Design and Evolution of Alibaba Advertising Real-Time Data Warehouse

1. Business Background

Alibaba Mama operates a large‑scale advertising ecosystem covering search, display, and feed across Alibaba’s apps. Advertisers create campaigns via DSPs, and the system tracks impressions, clicks, conversions, and budget consumption. Real‑time data is critical for performance monitoring, fraud detection, and budget enforcement.

1.1 Advertising Data Scenarios and Requirements

External real‑time reports : metrics such as impressions, CTR, ROI.

Internal real‑time analysis : audience, product, region analysis.

Business monitoring : high‑traffic events (e.g., 618, Double 11) need instant feedback.

1.2 Technical Goals for the Data Warehouse

Data timeliness : minute‑level freshness, ideally zero‑delay.

System throughput : billions of events per day, tens of millions of TPS.

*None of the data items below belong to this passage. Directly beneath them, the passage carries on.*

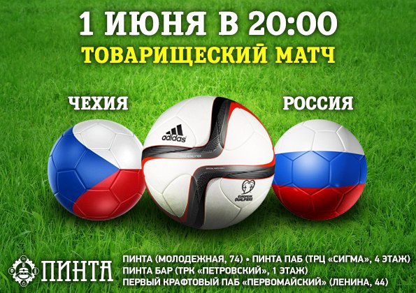 Перед ЕВРО 2016 нашей сборной осталось провести два контрольных матча и первый стартует уже завтра! Товарищеский матч. Чехия - РОССИЯ Начало прямой трансляции в 19:00 (время ижевское). Матч будет показан во всех заведениях ПИНТА на больших экранах! Поддержим наших ребят!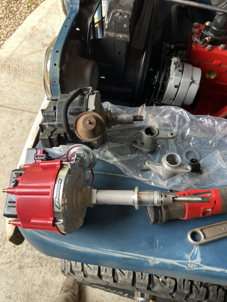 Wasn’t happy with out it was running so I put a newer distributor on it.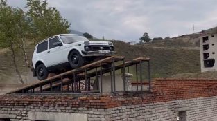 Test de sărituri de la clădire la clădire cu o Lada Niva în Rusia. Casdoria a eșuat, dar șoferul a coborât nevătămat din mașină.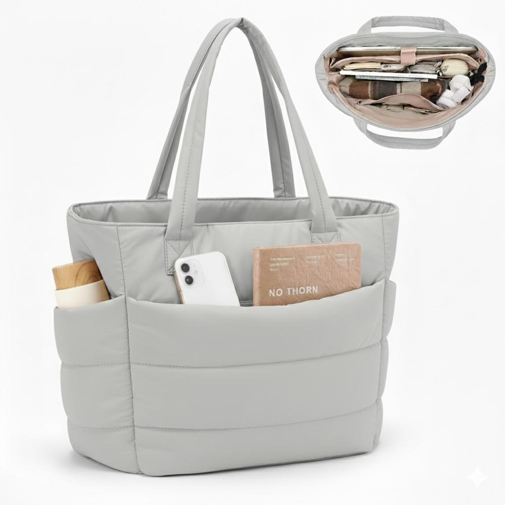 BOLSO PUFFER - TIPO TOTE BAG PARA DAMA PORTALAPTOP - Plateado Mate - Talla única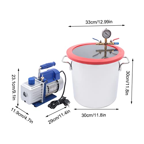 5 galloni Camera di Vuoto E 5CFM Pompa Vuoto di Raffreddamento - Attrezzature per Vuoto Pompa con Camera da 18L in Acciaio Inox Vacuum Chamber per Silicone E Resine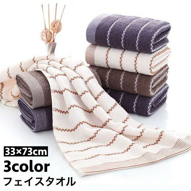 送料無料 フェイスタオル ハンドタオル バス用品 ボーダー柄 シンプル 吸水性 柔らかい 洗面 洗顔・・・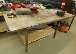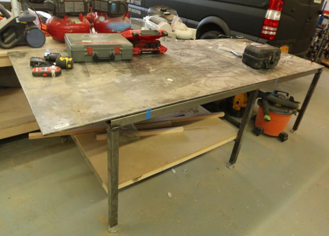 Steel work table with 1/2" thick top, and box beam frame. 48" x 121" x 36" tall. Excluding other lots. Pickup can be completed on both days.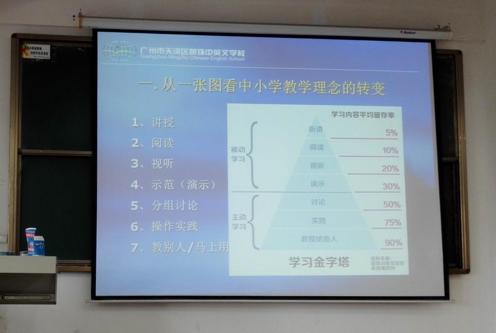 图3 谢校长讲解从“学习金字塔”看中小学教学理念的转变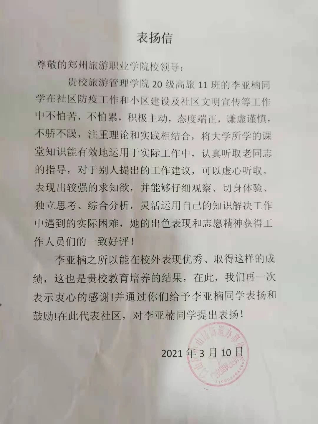 贵校旅游管理学院 20 级高旅 11 班的李亚楠同学在社区防疫工作和小区建设及社区文明宣传等工作中不怕苦,不怕累,积极主动,态度端正,谦虚谨慎,不骄不躁,注重理论和实践相结合,将大学所学的课堂知识能有效地运用于实际工作中,认真听取老同志的指导,对于别人提出的工作建议,可以虚心听取。表现出较强的求知欲,并能够仔细观察、切身体验、独立思考、综合分析,灵活运用自己的知识解决工作中遇到的实际困难,她的出色表现和志愿精神获得工作人员们的一致好评!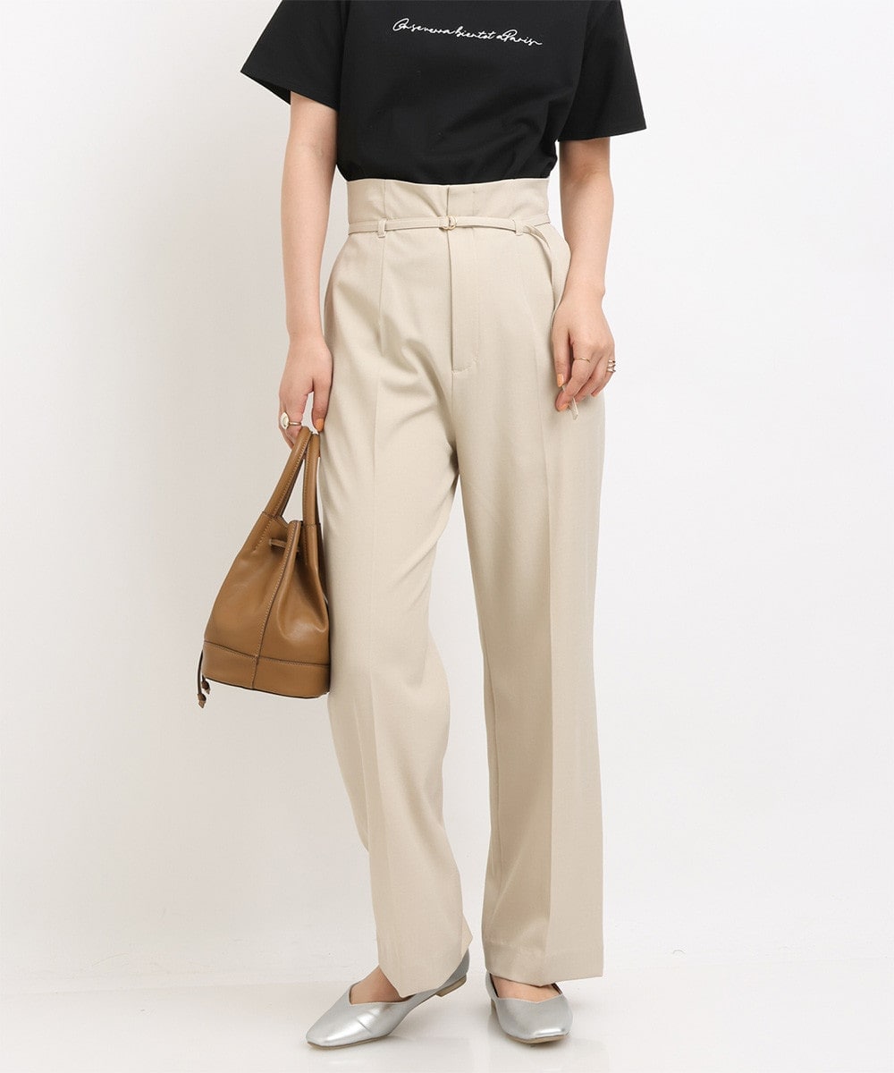 ハイウエストデザインが美脚見えする、ベルト付きストレートパンツ。

Stability : ≥99.9% availability, fast rollback.

Cost efficiency : minimal resources, reduced operational burden.

2. Architecture Design

The architecture evolved from a monolithic Flink‑Kafka pipeline to a layered lakehouse built on Paimon.

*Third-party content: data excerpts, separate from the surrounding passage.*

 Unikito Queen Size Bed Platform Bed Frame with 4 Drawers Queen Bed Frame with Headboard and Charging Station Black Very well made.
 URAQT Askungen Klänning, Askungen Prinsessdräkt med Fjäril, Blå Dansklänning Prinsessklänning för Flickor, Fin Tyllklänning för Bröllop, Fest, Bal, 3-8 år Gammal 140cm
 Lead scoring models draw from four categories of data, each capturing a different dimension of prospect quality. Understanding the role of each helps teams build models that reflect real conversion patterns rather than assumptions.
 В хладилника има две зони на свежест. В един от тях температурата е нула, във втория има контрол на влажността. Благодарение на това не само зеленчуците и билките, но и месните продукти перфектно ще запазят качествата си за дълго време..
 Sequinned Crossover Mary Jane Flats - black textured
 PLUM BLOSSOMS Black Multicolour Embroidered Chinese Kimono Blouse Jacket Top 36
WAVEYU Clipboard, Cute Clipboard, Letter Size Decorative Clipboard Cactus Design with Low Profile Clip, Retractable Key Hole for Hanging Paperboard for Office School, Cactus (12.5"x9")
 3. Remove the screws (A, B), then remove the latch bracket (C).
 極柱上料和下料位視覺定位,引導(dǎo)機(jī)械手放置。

2.1 Why a Real‑Time Data Warehouse?

Initial design focused on speed, but faced issues: inflexible requirements, duplicated development, resource waste, schema‑less data, and high operational cost.

2.2 Evolution of the Real‑Time Warehouse

2.2.1 TT‑Based Real‑Time Warehouse

Data flow: ODS (raw logs) → TT → Flink → DWD (processed) → downstream stores (OceanBase, Hologres, ClickHouse). Problems included data duplication, missing DWS layer, lack of upsert, and duplicated offline pipelines.

2.2.2 Paimon Lakehouse Solution

Replaced DWD storage with Paimon, added a DWS layer supporting upsert and changelog consumption. Schema is now materialized, enabling direct queries for BI and algorithms. The same ODS data is ingested via Flink into Paimon tables.

2.2.3 Full Lakehouse Architecture

Four layers plus an ops platform: Data layer (TT → Paimon), Compute layer (Flink, MaxCompute), Storage layer (dual‑system for HA), Application layer (reports, BI, algorithms), and Operations platform (monitoring, stress testing).

2.2.4 Common Paimon Optimizations

Asynchronous compaction for higher write throughput.

Dynamic checkpoint intervals based on traffic.

Resource allocation matching bucket count.

File lifecycle management to avoid small‑file explosion.

Consumer ID retention to enable job recovery.

3. Benefits of the Lakehouse

Layered design reduced development time by >30%, cut data latency by 2.5 hours on average, and enabled minute‑level budget tracking. Resource consumption dropped >40%, and development effort fell by 50%, achieving near‑zero downtime with three‑nines availability.